This movie shows clips from Requiem, and the main character — real life boxer Chuck Wepner — is obsessed with it. Unfortunately, this movie isn’t nearly as good. And where I thought it would parallel the career of the boxer in that film, it really didn’t. Chuck causes all his own problems, and it’s hard to have much sympathy for him. Unfortunately, it’s also a boxing movie that follows all the usual tropes. And I just saw all these in last year’s film on Robert Duran (Hands of Stone). But…I’m a boxing nut, so this movie is right in my wheelhouse.

The other thing that throws this into my wheelhouse is Liev Schreiber. I was a little late to the party on his career. When he did early films, I didn’t take much notice. But over the last 10 years, I’ve been astounded at just how diverse an actor he is. It boggles my mind that he can play a hockey thug in Goon, or a thoughtful editor in Spotlight, a Russian in Pawn Sacrifice, and look like completely different people. So watching Schreiber play a boxer I was always interested in but knew little about…was like a movie dream come true.

I had always thought of Chuck Wepner the way I did Randall “Tex” Cobb. He’s the guy that went the distance with Larry Holmes, and it was so bloody…announcer Howard Cosell claimed he’d never watch another fight. Cobb ended up having a nice career in Hollywood (remember him as the motorcycle thug in Raising Arizona?). Wepner ended up in Hollywood when Sylvester Stallone borrowed a bit from his life story to make Rocky. [Side note: I have no clue why the movie didn’t tell us that he actually won a lawsuit because of that, too; also not sure why Stallone, after losing a lawsuit, would then use the story of a wrestler fighting him and throwing him out of the ring. With Wepner in real life, it was Andre the Giant who did that. In Rocky III, Hulk Hogan played the wrestler].
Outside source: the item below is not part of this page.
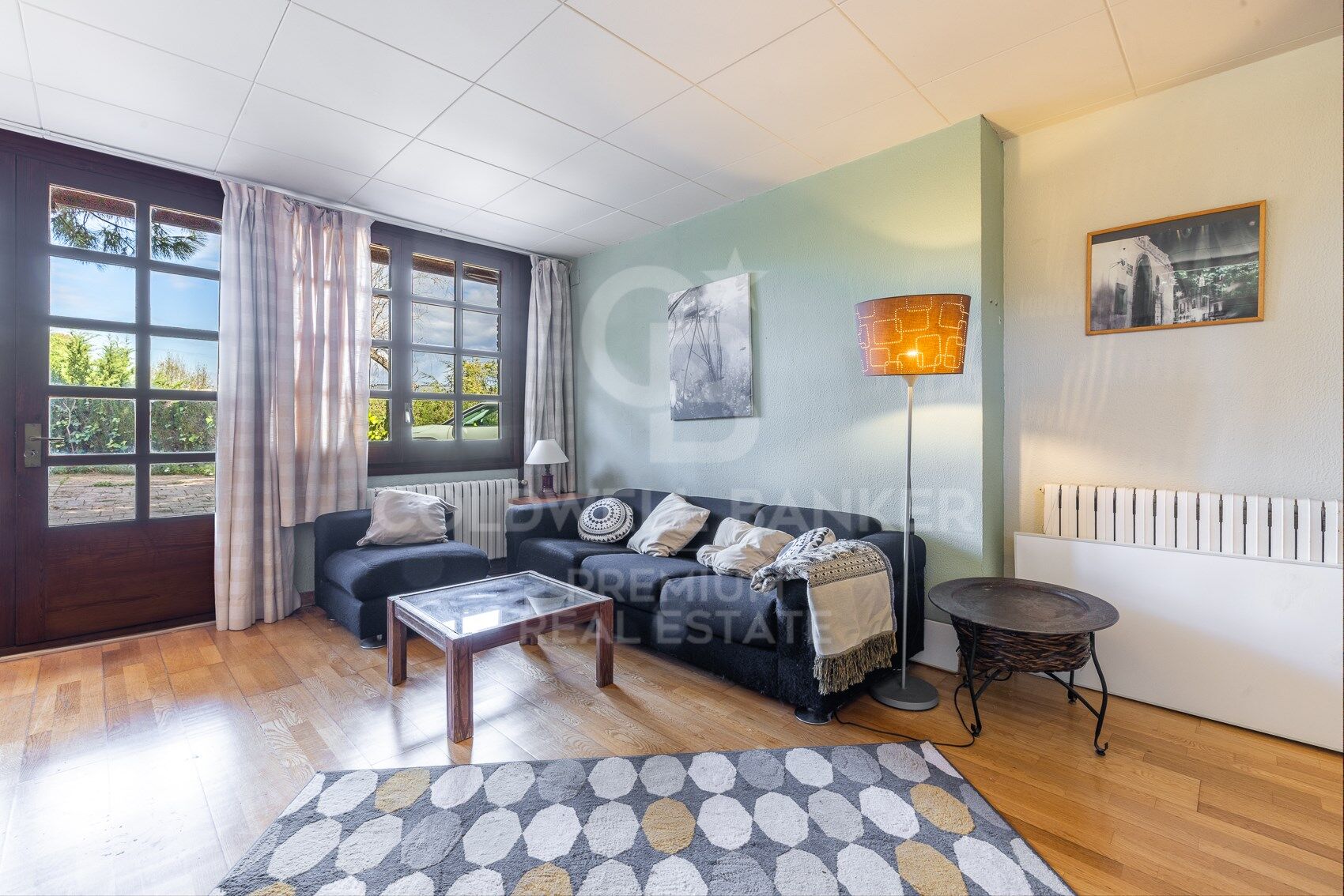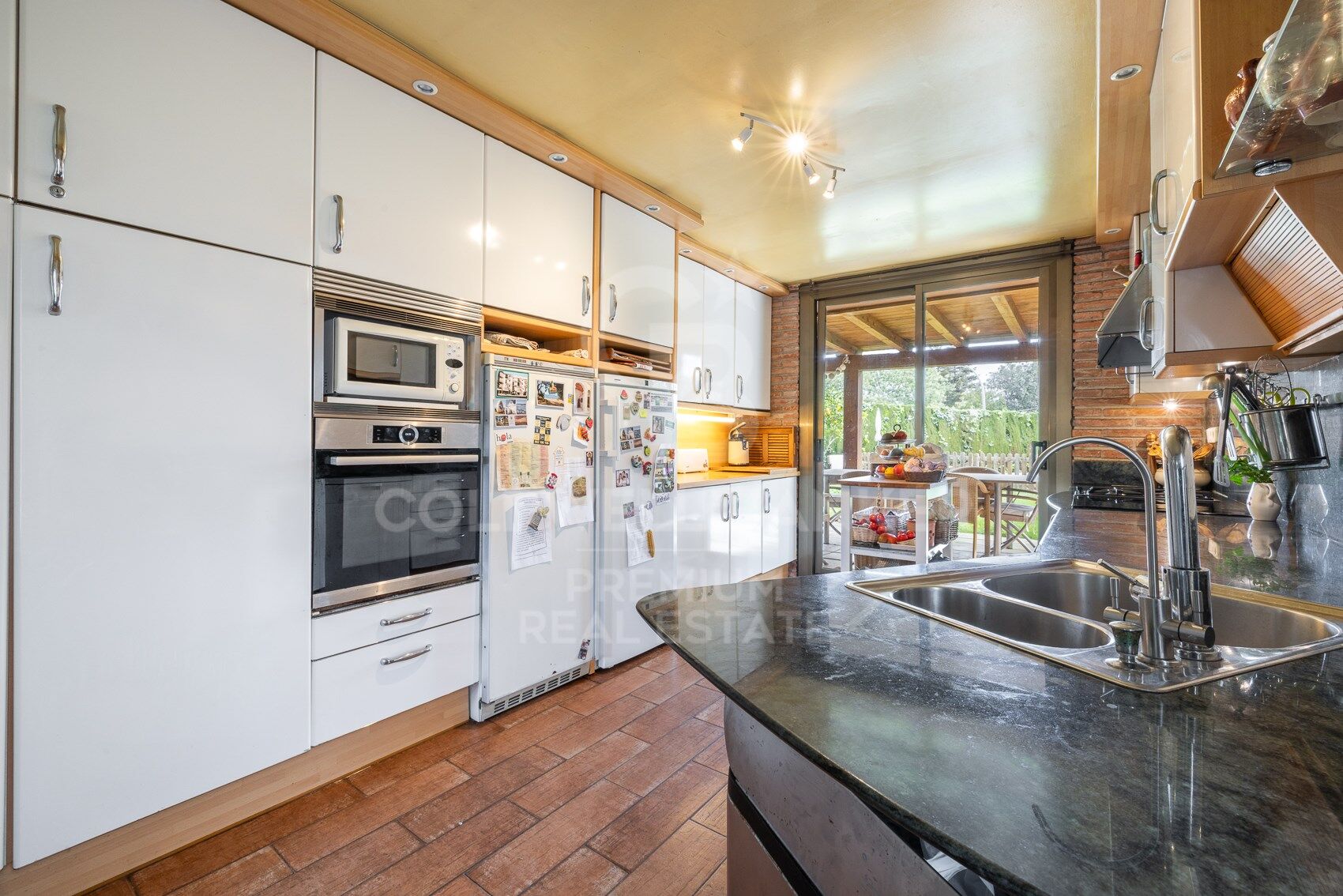 Ein einladender Eingangsbereich führt uns in das gemütliche Wohnzimmer mit Kamin. Der gleiche große Raum beherbergt das Esszimmer. Das Wohnzimmer ist auch mit der Küche verbunden und hat wie diese direkten Zugang zum Garten durch große Schiebetüren. Hinter diesen Türen befindet sich eine praktische Terrasse für Mahlzeiten im Freien. Der Küchenbereich wird mit einem charmanten Büroraum ergänzt, das mit einem hellen Fenster für Frühstücke und tägliche Mahlzeiten ausgestattet ist. Vom Wohnzimmer aus kann man auch ein großartiges Büro mit spektakulärem Blick auf La Mola und Montseny betreten. Zurück im Eingangsbereich führen uns die Treppen zu den anderen Etagen. Ebenfalls auf dieser Etage befindet sich das Hauptschlafzimmer mit begehbarem Kleiderschrank und eigenem Badezimmer.

The two things I needed to see more of was his previous boxing career. This guy went 10 friggin’ rounds with Sonny Liston. He needed over 70 stitches in his face afterwards, but…show that! He only lasted three rounds with Foreman. The only fight we see is the Ali one, which may have resulted in a broken nose — but he did knock Ali down and went 15 rounds. Don King organized that fight, thinking the public would like to see a white boxer fight Ali. Wepner was the only one in the Top 10 rankings. Ali made over a million dollars for that in 1976. Wepner got $100,000, but hey…it was more money than the Bayonne Bleeder had ever seen.

Another thing the movie needed to show us was his family history. There’s some tension with his estranged brother (Michael Rapaport), but we don’t get to learn much about that. Instead, we get what we’ve seen so much of the last few years — the drugs, the womanizing, and the funky clothes and nightclubs of the ‘70s.
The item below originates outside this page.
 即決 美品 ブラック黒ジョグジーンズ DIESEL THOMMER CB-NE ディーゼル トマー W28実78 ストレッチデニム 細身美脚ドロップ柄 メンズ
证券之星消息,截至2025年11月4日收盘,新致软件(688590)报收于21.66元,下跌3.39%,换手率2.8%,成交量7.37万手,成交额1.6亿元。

We don’t learn much about his wife Phyllis (Elisabeth Moss), who’s actually his second wife. Manager/trainer Al Braverman (Ron Perlman) has a few fun scenes. Scenes that are all made more fun with Schreiber’s narration.

It was a terrific choice to cast one of the best stand-up comedians ever — Jim Gaffigan — as Chuck’s best friend.

Naomi Watts plays bartender Linda, the only woman in Jersey that isn’t interested in sleeping with the big lug (despite them having the exact same birthday).

There are a few scenes with Sylvester Stallone, who is played by Morgan Spector (Boardwalk Empire). Those are done well, the way the scenes with Kirk Douglas and John Wayne were in Trumbo. You never want those scenes coming off like a skit in Saturday Night Live.

The movie should’ve also given us a bit more background into how Wepner ended up in the ring fighting a bear…or Andre the Giant. Was he hard-up for money? Early on, we see that he has to work as a liquor distributor for a day job. Yet after the Ali fight, we just see him partying, doing drugs, and then selling drugs.

I’m giving it 3 ½ stars out of 5, which is generous. Had it not been for all the stand-out performances, and the love letter to Requiem for a Heavyweight — it would get 2 ½.